Abstract

The 40th anniversary of Early Music is an opportunity to look back and celebrate the achievements of the journal and the performance movement it represents. Yet it is also a moment to look ahead to the next 40 years, and to contemplate what future generations of performers and scholars may achieve. This forward glance is particularly pertinent to me as a university lecturer. Will some of today’s undergraduates carry the torch of early music performance onward in their careers? How can university courses foster the spirit of scholarly and musical adventure that has characterized the best historically informed performances of the past 40 years? Since the 1990s styles of historically informed performance have become increasingly standardized. Many recent recordings of Bach cantatas—whether directed by John Eliot Gardiner, Philippe Herreweghe, Ton Koopman or Masaaki Suzuki—show similarities in their rhythmic vibrancy, transparent textures and choice of tempos. Such standardization reflects the role of recordings and global touring in shaping accepted norms of performance.

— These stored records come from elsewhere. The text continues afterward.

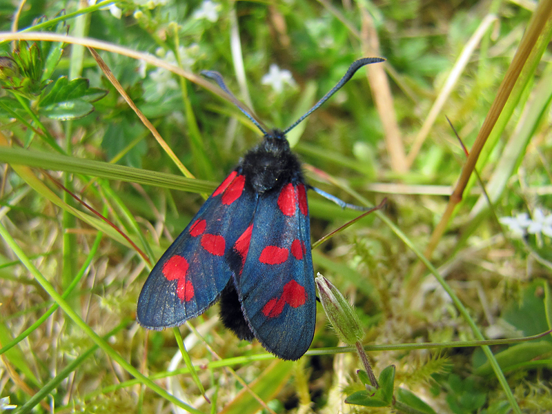 Sechsfleck-Widderchen (Zygaena filipendulae). Wenn die Sonne scheint,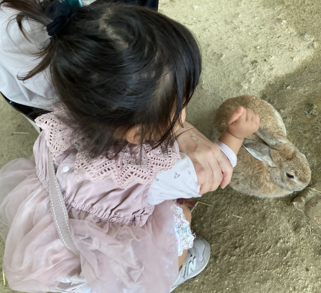 娘は、うさぎに対しては興味津々。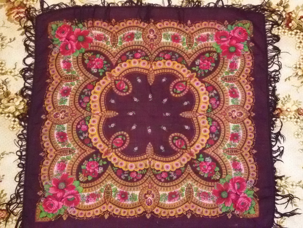 Не ругайте сильно, пожалуйста)) Облазила каталоги, но не признала этот платок. Куплен в начале 90-х.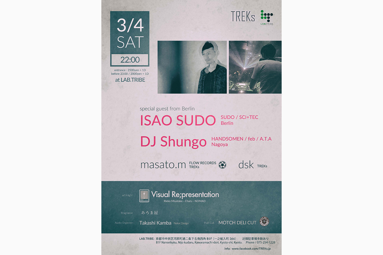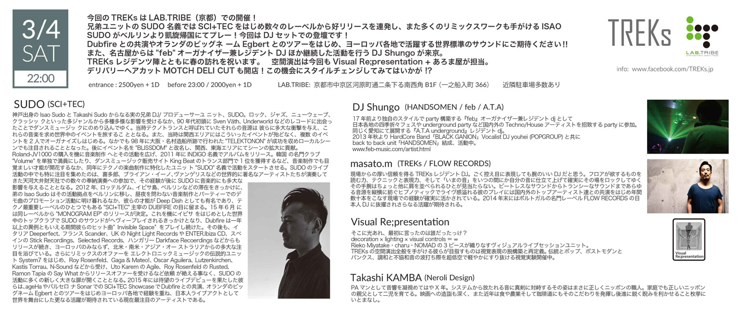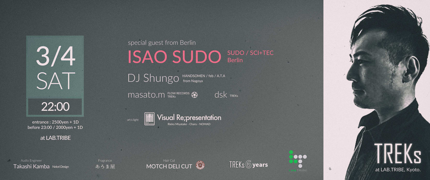 ISAO SUDO (SUDO / SCI+TEC) / DJ Shungo (HANDSOMEN / feb / A.T.A) / masato.m (FLOW RECORDS / TREKs) / dsk (TREKs)
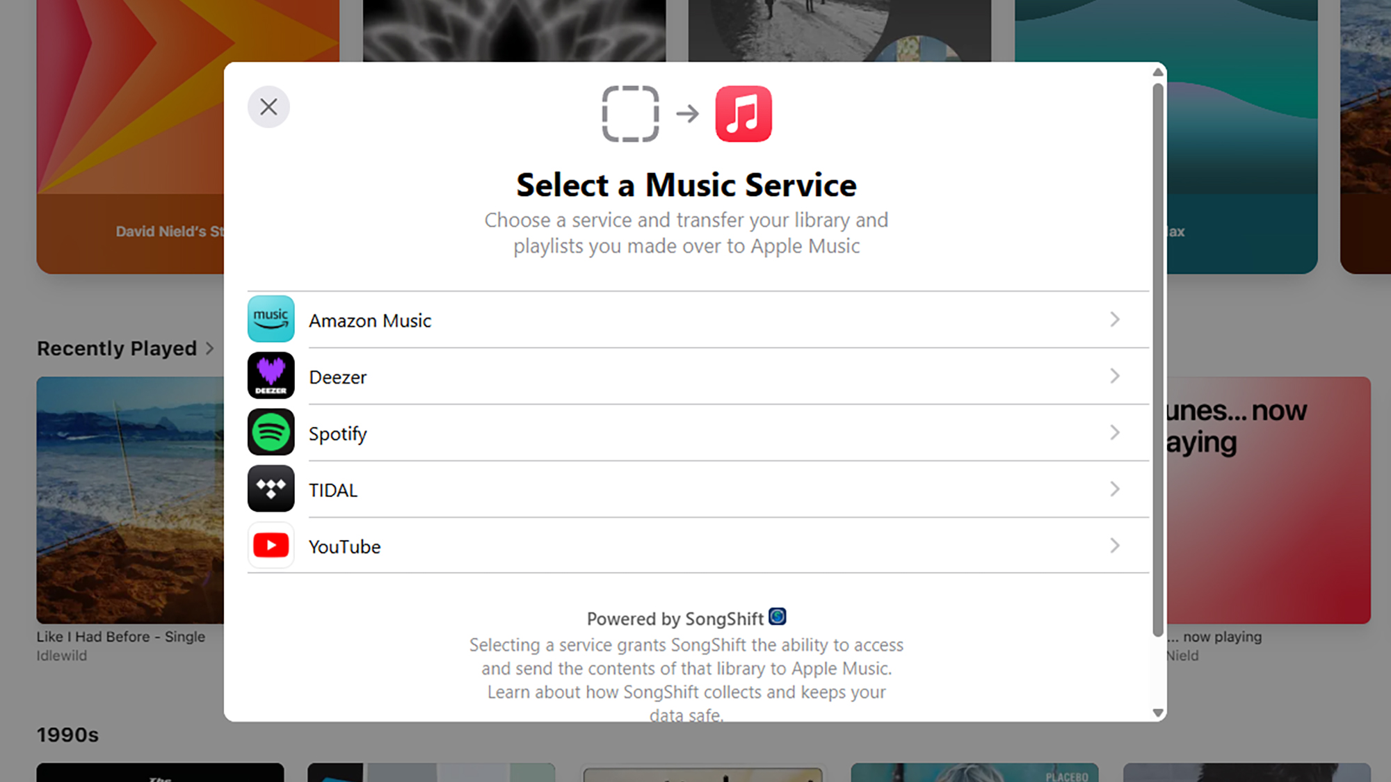 Du kan också överföra musik på webben. Skärmbild: AppleEtt ord av varning: Överföringsprocessen är inte alltid sömlös, och det kan ibland finnas låtar som finns på en tjänst men en annan (särskilt när det kommer till YouTube, som har många live- och sällsynta inspelningar).

Yet for today’s students, this homogeneity risks giving the false impression that experimentation is now unwelcome in historically informed performance. Worse still, students may assume they should simply imitate recordings if they want to succeed as performers of early repertories. Such an attitude is the enemy of a questioning approach that interrogates historical evidence for inspiration to use in performance. (Indeed, one aim of a university music course should be to create self-aware and intellectually curious musicians, rather than automatons that unquestioningly follow orthodoxies.)